Li Zhao set down the coffee carefully and spared him a glance—as much as she could without losing the mark.

“No. Whatever secret you two are keeping, it's bigger than her place in the IA. She'll be a martyr. She looks good for that.”

A car drove by. It felt like the first car in a long time. How long had they been sitting in silence? The streets were wet; was it raining?

“Does Bo know about all this?”

“Of course. We have to be prepared to record whatever happens.”

Of course—Bo knew exactly what had happened to
Suyana, and who was behind it. He'd seen more than any of the rest of them had. And since then Bo had kept him in sight and in line, so he would be calm when the mutiny started and Daniel was following around the first person they expected to die.

Kate didn't know. Kate was sitting in a basement in Paris right now, in silence, waiting for the word that she could start listening again. Was she even waiting? He wouldn't have waited for permission to listen in; Kate wouldn't either. He had to get to her. Or to Dev–Dev might give in and tell him what he needed to know. Dev could help. Someone had to help.

“Bullshit.”

“Which part?”

“You didn't fly here from Paris just to take a few night shifts with Margot,” he said, and then halfway through he realized and finished, “Because you were already in New York.”

Her smile was less victorious than it could have been. “I don't think anything will happen until Paris, but after the last-minute arrangements, I thought something might be happening that Margot was trying to get away from. As it happened, she was making other plans, but still, it's good to see New York again.”

Other plans. He'd seen the pictures of Suyana accepting the proposal. Ethan looked almost as confused about why he
was proposing as he looked confused about why she'd ever say yes.
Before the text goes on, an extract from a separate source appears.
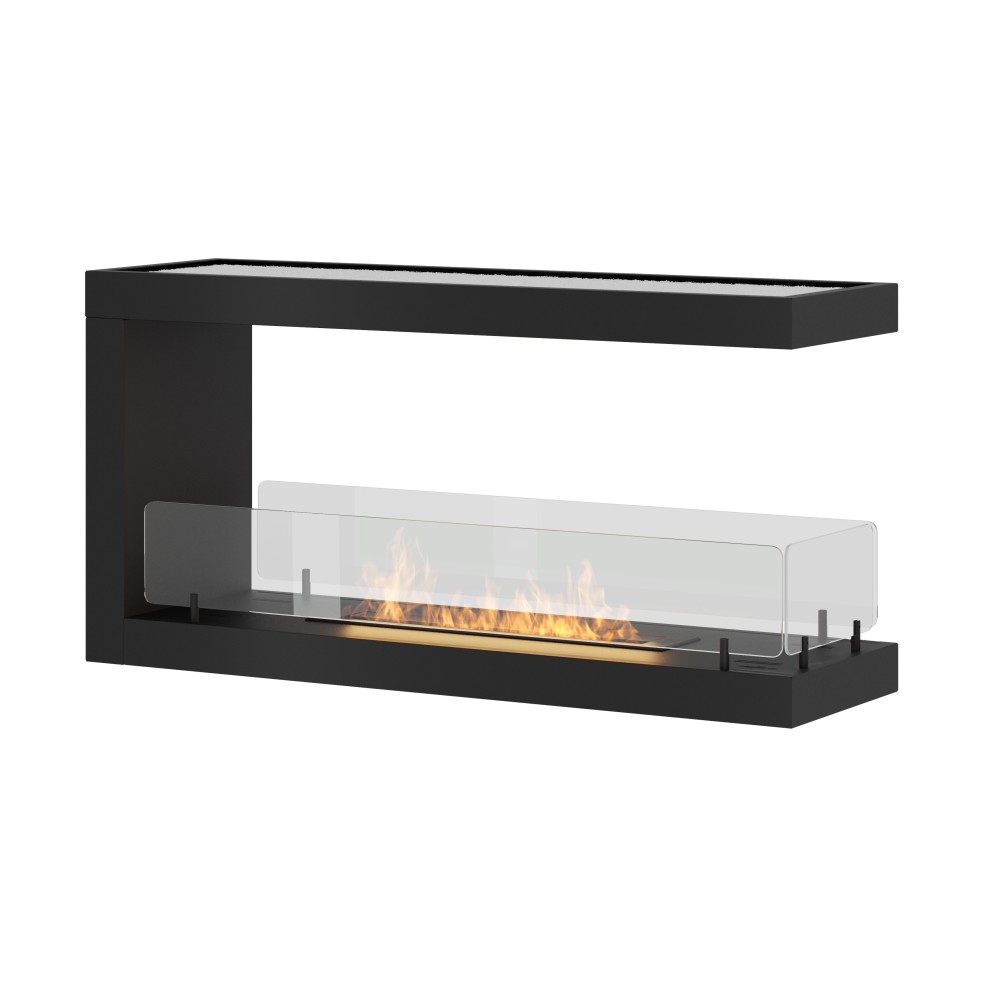 OutInFire CORN 90 – Eingebauter Bioethanol-Eckkamin mit Schutzglas. Rechte Öffnung – mit Glas

Suyana hadn't looked confused, not for one second; when she'd reached up to kiss him afterward, she'd wrapped her arms so tight around his neck you couldn't see her face at all.

The coffee cup was empty now, and far down the avenue Daniel could see a glimpse of neon, where some diner or some drugstore was open late. Margot's building blotted out the moon.

Daniel stood. “Well, enjoy your evening.”

Li Zhao looked up at him then, the full force of her gaze like he hadn't seen since the first time she'd brought him into her office and threatened his family until he could be convinced to talk business.

“Don't think you can warn her that she's trapped. It's too late.”

Daniel went rigid. “Because it's bad form to alert the wildlife?”

But Li Zhao wasn't angry. She looked surprised, and maybe a little disappointed. He didn't know why—he'd never been
a strategist like some.

“Because,” she said, “Suyana already knows.”

12

They landed ten minutes early. By six o'clock they were already on the ground with the door open and the first of the flashbulbs going off from the ground, and it was too late to take off again when Magnus sucked in a breath through his teeth and said on the wobbly exhale, “Oh my God, they've struck the facility.”

“What,” said Suyana, though it wasn't really a question. It was barely a word.

The American handlers were out of their chairs as soon as he spoke, headed down the stairs to try and make the cameras scatter. Stevens was trying to get Ethan out of his seat, saying, “We should get you inside,” and Suyana was vaguely aware of
Ethan's face solidifying into something like determination as he said, “What's happening?” without moving a muscle to leave.

“Chordata,” Magnus said to him, and then, with a look at Suyana, “They struck the facility while we were on the plane. A security guard's in the hospital.”